Рекс продолжал сидеть; Дора стояла у камина. Наконец, Пан встал. Дора вся превратилась в ожидание. Пан повернулся к Рексу:

– Не пойдешь ли ты прогуляться? В такой день, как сегодня, надо что-нибудь предпринять.

– Нет, благодарю вас. Я берегу себя для охоты на будущей неделе.

– Я пойду, – сказала Дора.

– Отлично, я сойду через две-три минуты.

Дора вышла сменить обувь. Рекс остался у камина; он улыбнулся, и улыбка его была так же печальна и мрачна, как этот серый день.

«Он отлично знал, – думал он, – что я еще не могу много ходить; потому и спросил, что знал». Между тем Дора с Паскалем шли уже по лужайке.

– Как вы хорошо сыграли! – сказал Паскаль. Дора посмотрела на него широко раскрытыми глазами.

– Сыграла?

– Я хочу сказать, что вы вступили в разговор как раз в нужный момент.

– В таком случае, я очень рада, но я не старалась. – Она подарила его чудной улыбкой. – Мне хотелось остаться с вами наедине, а это был такой удобный случай.

«О юность», – подумал Паскаль. Его душе, уже давно пережившей первую молодость, такая наивная откровенность не понравилась. В любовных делах ему наибольшее удовольствие доставляла интрига. И все-таки, когда он взглянул на Дору, день показался ему менее сумрачным. Она была так стройна, так прекрасна в своем мальчишеском костюме, в фетровой шапочке с пером на голове. В глубине ее глаз мерцали звезды. Она взяла его под руку.

– Пан…

Он оглянулся посмотреть, нет ли кого позади, и, убедившись, что никого нет, крепко сжал ее руку.

Лицо Доры запылало.

– О Пан, я думала, что вы забыли, а это в самом деле случилось. Мне все не верится, и, чтобы поверить, я все твержу себе: «Это случилось. Он любит.

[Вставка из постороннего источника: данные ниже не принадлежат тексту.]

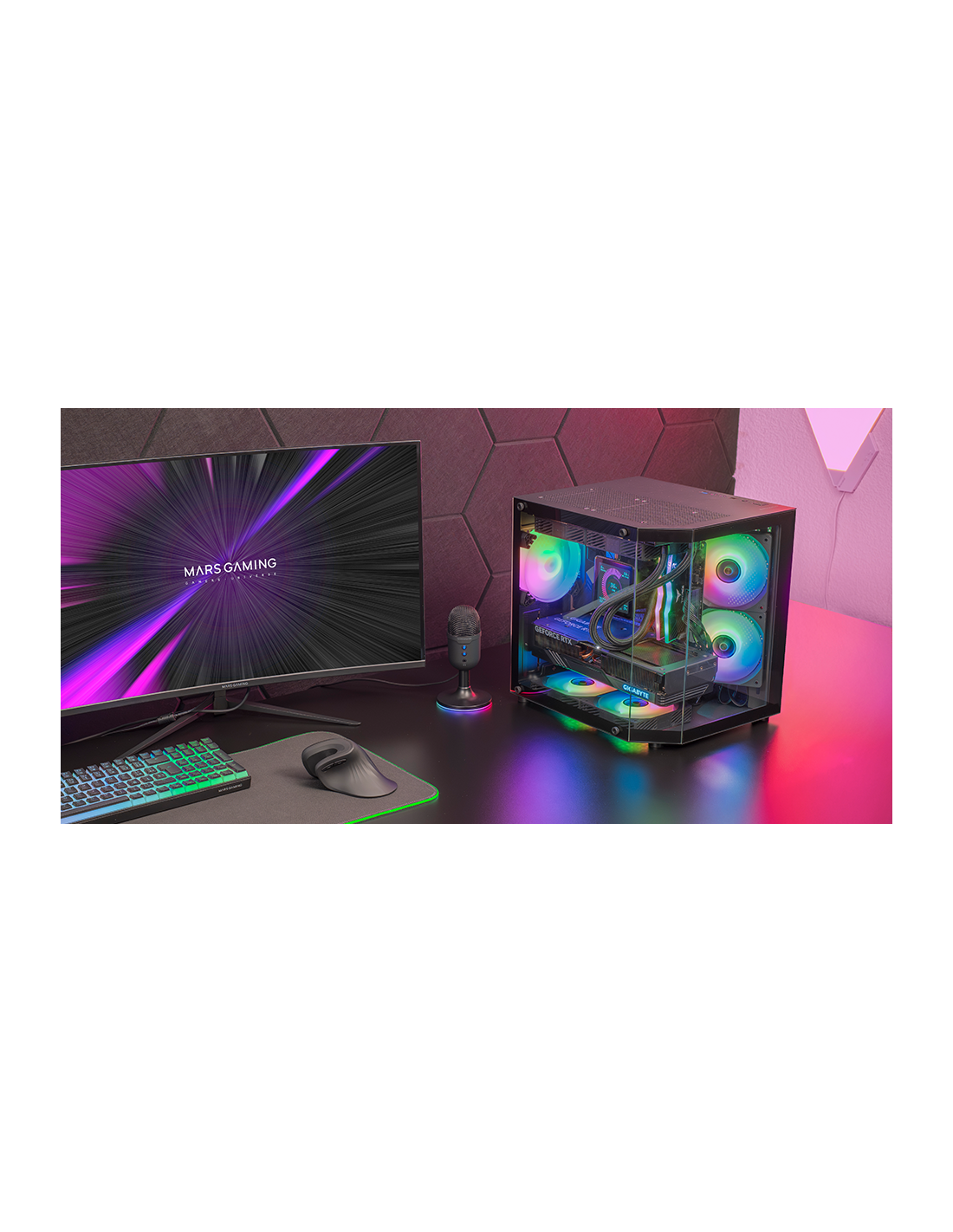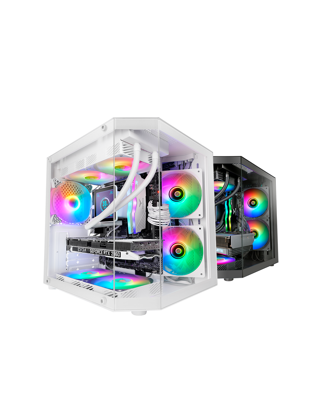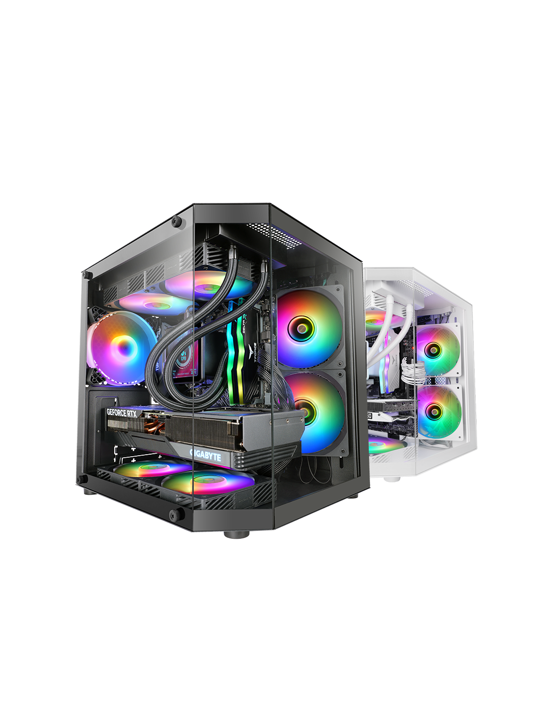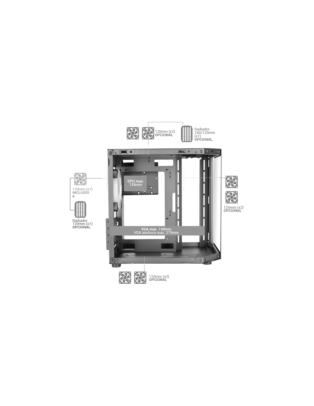 Its compact MicroArtx panoramic design with triple continuous tempered glass, double camera structure and large internal capacity allows you to show your hardware with an outstanding thermal performance. With rear fan FRGB included, support for up to 7 fluid fans and coolings up to 240 mm, it is ready for any challenge in the least space

Он поцеловал меня». Пан!..

– Да, Афродита?

– Пан, что за дело, что сейчас еще утро? Нельзя ли один, совсем, совсем маленький?.. Ведь теперь Рождество и нужно быть щедрым.

Ее необыкновенная, почти детская живость тронула даже его «не первую молодость».

Забыв осторожность, забыв свое решение осторожно двигаться к цели, он направился с Дорой к небольшой буковой заросли, посаженной Тони, и под прикрытием этих кустов, которые сами еще нуждались в прикрытии, поцеловал ее.

Место и время были совсем не подходящие для романа: часы на конюшенном дворе только что пробили одиннадцать. Кругом во мгле зимнего утра раскинулись поля, покрытые жнивьем. Только совсем зеленая юность могла любить где угодно, но Пан чувствовал себя не в настроении для поцелуев.

Дора спросила его:

– Почему мы должны скрывать нашу любовь? Пан засмеялся, но в его смехе не было веселья.

– А потому, что Тони не позволяет нам любить друг друга.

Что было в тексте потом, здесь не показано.